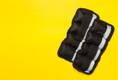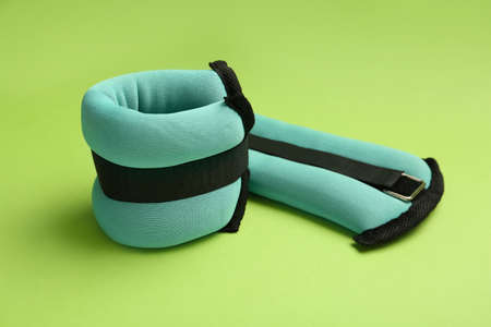 Turquoise weighting agents on beige background, flat lay. Space for text
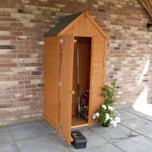 The Overlap Tall Tool Store is ideal for storing all your garden tools and other household items. You will always find a use for this handy store. It is constructed on 34mm square framing and clad in high grade, FSC approved pine boards for that rustic effect that blends so well into any garden. The roof and floor are solid sheet OSB with the roof externally completed with green mineral felt which is provided. (Imperial dimensions are approximate to the nearest foot; please refer to the exact metric dimensions in the data given)
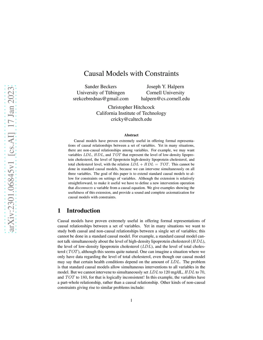 Causal models have proven extremely useful in offering formal representations of causal relationships between a set of variables. Yet in many situations, there are non-causal relationships among variables. For example, we may want variables , , and that represent the level of low-density lipoprotein cholesterol, the level of lipoprotein high-density lipoprotein cholesterol, and total cholesterol level, with the relation . This cannot be done in standard causal models, because we can intervene simultaneously on all three variables. The goal of this paper is to extend standard causal models to allow for constraints on settings of variables. Although the extension is relatively straightforward, to make it useful we have to define a new intervention operation that a variable from a causal equation. We give examples showing the usefulness of this extension, and provide a sound and complete axiomatization for causal models with constraints.
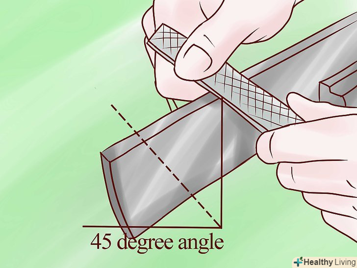 Проведіть напилком уздовж скошеного краю леза. Тримайте напилок під кутом загострення леза. Найчастіше цей кут становить 40-45 градусів, але звіртеся з виробником газонокосарки, щоб дізнатися точний кут.- Рухайте напилком короткими плавними рухами уздовж вістря.
• • • • • • •
## Try it
Provide a precise transcription of the listing, excluding each picture.

## Solution
 Turquoise weighting agents on beige background, flat lay. Space for text
 The Overlap Tall Tool Store is ideal for storing all your garden tools and other household items. You will always find a use for this handy store. It is constructed on 34mm square framing and clad in high grade, FSC approved pine boards for that rustic effect that blends so well into any garden. The roof and floor are solid sheet OSB with the roof externally completed with green mineral felt which is provided. (Imperial dimensions are approximate to the nearest foot; please refer to the exact metric dimensions in the data given)
 Causal models have proven extremely useful in offering formal representations of causal relationships between a set of variables. Yet in many situations, there are non-causal relationships among variables. For example, we may want variables , , and that represent the level of low-density lipoprotein cholesterol, the level of lipoprotein high-density lipoprotein cholesterol, and total cholesterol level, with the relation . This cannot be done in standard causal models, because we can intervene simultaneously on all three variables. The goal of this paper is to extend standard causal models to allow for constraints on settings of variables. Although the extension is relatively straightforward, to make it useful we have to define a new intervention operation that a variable from a causal equation. We give examples showing the usefulness of this extension, and provide a sound and complete axiomatization for causal models with constraints.
 Проведіть напилком уздовж скошеного краю леза. Тримайте напилок під кутом загострення леза. Найчастіше цей кут становить 40-45 градусів, але звіртеся з виробником газонокосарки, щоб дізнатися точний кут.- Рухайте напилком короткими плавними рухами уздовж вістря.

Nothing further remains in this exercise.